On Fri, Oct 27, 2023 at 2:09 AM Hao Sun <sunhao.th@gmail.com> wrote:
>
> Hi,
>
> The following C repro contains a bpf program that can cause rcu
> stall/soft lockup during running in bpf_prog_run(). Seems the verifier
> incorrectly passed the program with an infinite loop.
>
> C repro: https://pastebin.com/raw/ymzAxjeU

Thanks for the report.
Did you debug what exactly caused this bug?
Are you planning to work on the fix?

> Verifier's log: https://pastebin.com/raw/thZDTFJc

log is trimmed.

^ permalink raw reply	[flat|nested] 4+ messages in thread

* Re: bpf: incorrect passing infinate loop causing rcu detected stall during bpf_prog_run()
  2023-10-29  0:34 ` Alexei Starovoitov
@ 2023-10-30 10:29   ` Hao Sun
  2023-10-30 18:16     ` Eduard Zingerman
  0 siblings, 1 reply; 4+ messages in thread
From: Hao Sun @ 2023-10-30 10:29 UTC (permalink / raw)
  To: Alexei Starovoitov
  Cc: Alexei Starovoitov, Daniel Borkmann, John Fastabend,
	Andrii Nakryiko, Martin KaFai Lau, Song Liu, Yonghong Song,
	KP Singh, Stanislav Fomichev, Hao Luo, Jiri Olsa, Mykola Lysenko,
	Shuah Khan, bpf, Linux Kernel Mailing List

On Sun, Oct 29, 2023 at 2:35 AM Alexei Starovoitov
<alexei.starovoitov@gmail.com> wrote:
>
> On Fri, Oct 27, 2023 at 2:09 AM Hao Sun <sunhao.th@gmail.com> wrote:
> >
> > Hi,
> >
> > The following C repro contains a bpf program that can cause rcu
> > stall/soft lockup during running in bpf_prog_run(). Seems the verifier
> > incorrectly passed the program with an infinite loop.
> >
> > C repro: https://pastebin.com/raw/ymzAxjeU
>
> Thanks for the report.
> Did you debug what exactly caused this bug?
> Are you planning to work on the fix?

This bug is really hard to debug. Here is a simplified view of
the original program:

loop:
0: r4 = r8
1: r1 = 0x1f
2: r8 -= -8
3: if r1 > r7 goto pc+1
4: r7 <<= r1         ; LSH r7 by 31
5: r5 = r0
6: r5 *= 2
7: if r5 < r0 goto pc+1
8: r8 s>>= 6
9: w7 &= w7       ; r7 = 0 after the first iter
10: r8 -= r7
11: r8 -= -1
12: if r4 >= 0x9 goto loop
13: exit

At runtime, r7 is updated to 0 through #4 and #9 at the first iteration,
so the following iteration will not take #3 to #4, so #3 can be ignored
after the first iteration. r0 is init by get_current_task, and r5 is always
smaller than r0 at runtime, so #7 to #8 will never run. So, the update
to r8 is only #2 and #11, which together add 9 to r8. Since r4 is set
to r8 at the start of each iteration, so it's an infinite loop at runtime.

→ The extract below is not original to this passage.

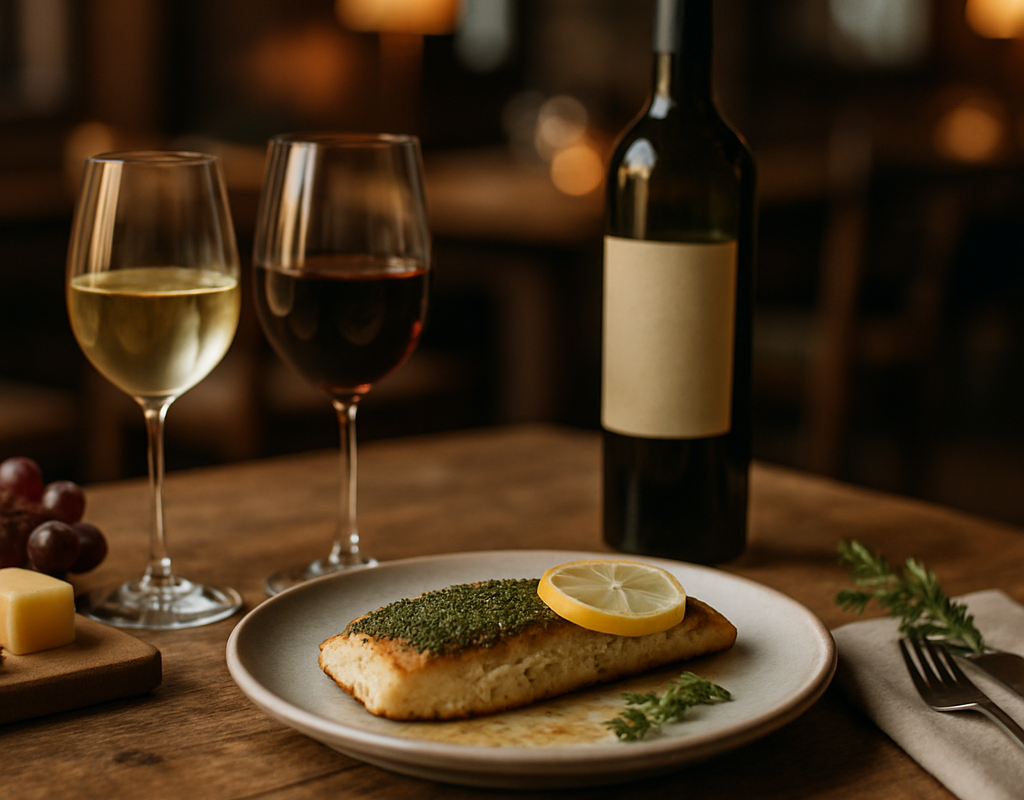 - Gedämpfter Saibling mit Kräuterkruste → Grauburgunder; ergänzt die Kräuter und die zarte Textur des Fisches. Ein Hauch von Rauch im Wein kann Röstnoten im Gericht betonen.
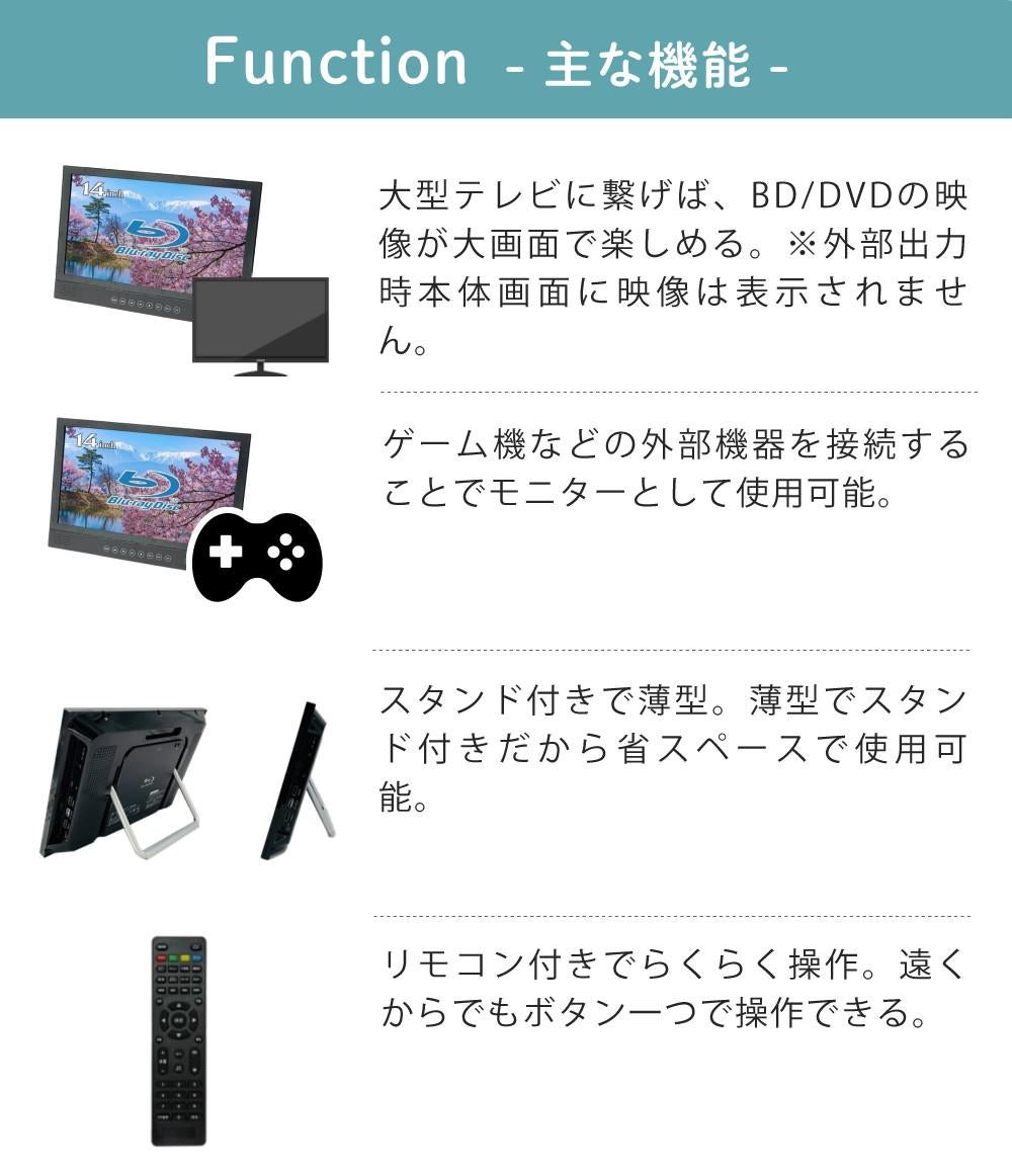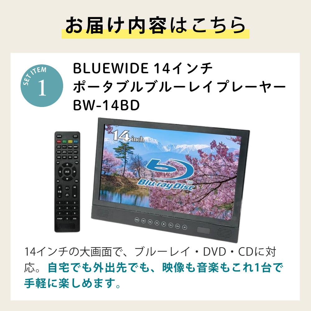 他の画像を見る HDMIケーブル・保護フィルム付き BLUEWIDE BLUEWIDE ポータブルブルーレイプレーヤー 14インチ FHD ブルーレイ HDMI BW-14BD HDMIケーブル・保護フィルム付 3点セット(ラッピング不可) 販売価格 ¥ 39,800 税込 カートに入れる お気に入りに登録する (0件)

Based on the log, the verifier keeps tracking #7 to #8 and to #9, and
at some point, the verifier prunes states and path from #7 to #9, so
it stops checking. The log is huge and hard to follow, the issue is likely
in pruning logic, but I don't have much knowledge about that part.

>
> > Verifier's log: https://pastebin.com/raw/thZDTFJc
>
> log is trimmed.

Full log: https://pastebin.com/raw/cTC8wmDH

^ permalink raw reply	[flat|nested] 4+ messages in thread

* Re: bpf: incorrect passing infinate loop causing rcu detected stall during bpf_prog_run()
  2023-10-30 10:29   ` Hao Sun
@ 2023-10-30 18:16     ` Eduard Zingerman
  0 siblings, 0 replies; 4+ messages in thread
From: Eduard Zingerman @ 2023-10-30 18:16 UTC (permalink / raw)
  To: Hao Sun, Alexei Starovoitov
  Cc: Alexei Starovoitov, Daniel Borkmann, John Fastabend,
	Andrii Nakryiko, Martin KaFai Lau, Song Liu, Yonghong Song,
	KP Singh, Stanislav Fomichev, Hao Luo, Jiri Olsa, Mykola Lysenko,
	Shuah Khan, bpf, Linux Kernel Mailing List

On Mon, 2023-10-30 at 11:29 +0100, Hao Sun wrote:
> On Sun, Oct 29, 2023 at 2:35 AM Alexei Starovoitov
> <alexei.starovoitov@gmail.com> wrote:
> > 
> > On Fri, Oct 27, 2023 at 2:09 AM Hao Sun <sunhao.th@gmail.com> wrote:
> > > 
> > > Hi,
> > > 
> > > The following C repro contains a bpf program that can cause rcu
> > > stall/soft lockup during running in bpf_prog_run(). Seems the verifier
> > > incorrectly passed the program with an infinite loop.
> > > 
> > > C repro: https://pastebin.com/raw/ymzAxjeU
> > 
> > Thanks for the report.
> > Did you debug what exactly caused this bug?
> > Are you planning to work on the fix?
> 
> This bug is really hard to debug. Here is a simplified view of
> the original program:
> 
> loop:
> 0: r4 = r8
> 1: r1 = 0x1f
> 2: r8 -= -8
> 3: if r1 > r7 goto pc+1
> 4: r7 <<= r1         ; LSH r7 by 31
> 5: r5 = r0
> 6: r5 *= 2
> 7: if r5 < r0 goto pc+1
> 8: r8 s>>= 6
> 9: w7 &= w7       ; r7 = 0 after the first iter
> 10: r8 -= r7
> 11: r8 -= -1
> 12: if r4 >= 0x9 goto loop
> 13: exit
> 
> At runtime, r7 is updated to 0 through #4 and #9 at the first iteration,
> so the following iteration will not take #3 to #4, so #3 can be ignored
> after the first iteration. r0 is init by get_current_task, and r5 is always
> smaller than r0 at runtime, so #7 to #8 will never run. So, the update
> to r8 is only #2 and #11, which together add 9 to r8. Since r4 is set
> to r8 at the start of each iteration, so it's an infinite loop at runtime.
> 
> Based on the log, the verifier keeps tracking #7 to #8 and to #9, and
> at some point, the verifier prunes states and path from #7 to #9, so
> it stops checking. The log is huge and hard to follow, the issue is likely
> in pruning logic, but I don't have much knowledge about that part.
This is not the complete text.